Friday, July 19, 2013

Bee Happy (We Are!)

Please remember, we are very new at this.  This is an account of what we're observing and doing, NOT a recommendation of what to do.  Only time will tell if we're on the right track.  So in the meantime, read along, look at the pictures and appreciate all the amazing skills that the BEES possess.

It had been 19 days since we discovered that two out of three of our hives were queenless.  That same day, we placed two capped queen cells into those two hives (thank you, neighborhood beekeeper, for the donation!).  After all the bee-drama we'd been experiencing, we were sure hoping that our queenless hives now had queens, but it seemed almost too good to be true.  Jamey made me promise that no matter what we found I would not freak out.  I told him I'd do my best.  He lit the smoker and donned his bee jacket and I grabbed my notebook and camera.  Here's what we found....

#3 Hive: This is the hive that was a divide from the Upper Hive on June 1st.  We also marked the queen that day.  This hive is doing great.  We spotted the queen, eggs, larva, and capped brood.  The small hive beetle trap had 20 dead beetles inside and we killed about 8 more during the inspection.  The were a few empty queen cells but nothing to worry about.  The bees had built out the last few bars we added, so we added 4 more, making the total bars in this hive 16.

happy Hive # 3 - capped brood

marked queen (Hive #3) 

Lately, whenever I think I'm busy, I think of the bees.... 

Upper Hive:  This is the hive that we tried grafting a queen into back on June 2nd and then, when we didn't see any queen action on June 29th, we placed a capped queen cell from our beekeeper friend inside.  We also saw a few empty (lived-in) queen cells.  So, we're not exactly sure where she came from, but this hive now has a queen!  We spotted her lovely self along with eggs, larva and lots of capped brood.  The population increased greatly since June 29th when it was like a ghost town compared to the other hives.  We added two bars (for a total of 21) and closed her up feeling very excited (and relieved!).

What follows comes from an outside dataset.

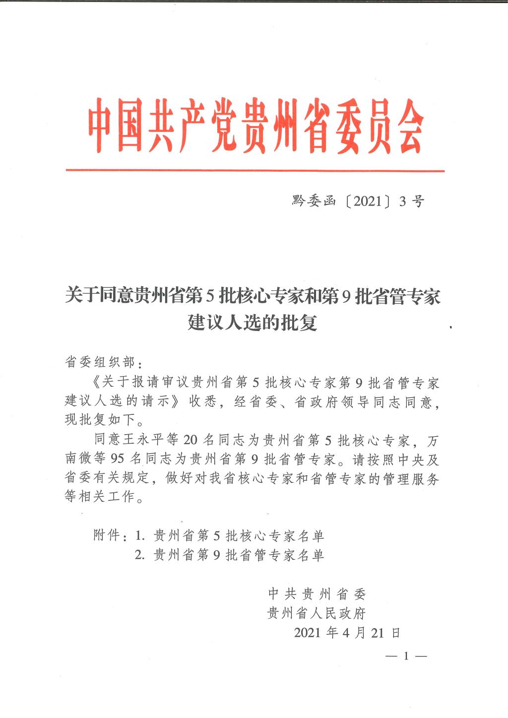 近日,中共贵州省委、贵州省人民政府批准通过贵州省第5批核心专家和第9批省管专家名单,永利官网汤磊、沈祥春被评为“贵州省第5批核心专家”,李海洋、曾柱、邓进、舒莉萍、何彬、黄勇、李艳梅被评为“贵州省第9批省管专家”。截至目前,永利官网共有贵州省核心专家8人、省管专家20人。
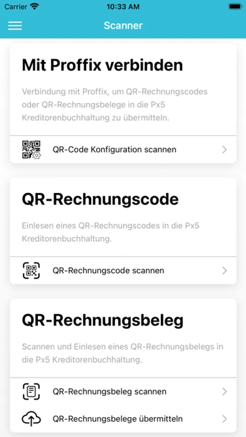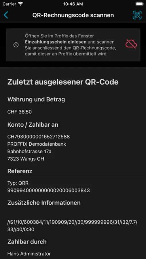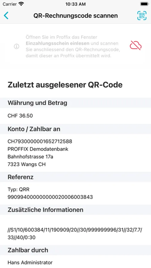 Ab dem 30. September 2022 werden der rote und orange Einzahlungsschein endgültig durch die QR-Rechnung abgelöst. Mit der Proffix Scanner App steht Ihnen eine kostenlose App zur Verfügung, mit welcher Sie Ihre QR-Rechnungsbelege direkt an Proffix übermitteln, bezahlen und verbuchen können. Die Scanner App kann auch nur den QR-Code auslesen und übermitteln, ohne dass Sie einen kompletten QR-Rechnungsbeleg einscannen müssen.

Another sign this hive is doing well was a little something we saw the bees do.  We saw very few small hive beetles during inspection but there were 8 dead in the trap.  While we had the hive open (envision the picture at the top of this post), we saw a few bees on the bottom of the hive attacking something- it was a small hive beetle larva (not really what we want to see, but wait...).  Two bees lugged that big larva up the inner side of the hive.  We were psyched to see them dump the larva over the edge, but oh no.  One girl took hold and then took flight.  Okay, so she's going to drop the heavy load a few feet away- makes sense.  Oh no.  This hulk of she-bee flew that larva right off our property (and quite possibly beyond).  Because she was flying slower and her load made her larger, we could see her plainly against the blue sky- up and up and away.  We just stood there with our mouths open- what a sight to behold.

We were so excited at this first sign of a queen- capped brood!

Then we spotted the lovely, light-colored (and therefore easy to find) lady herself.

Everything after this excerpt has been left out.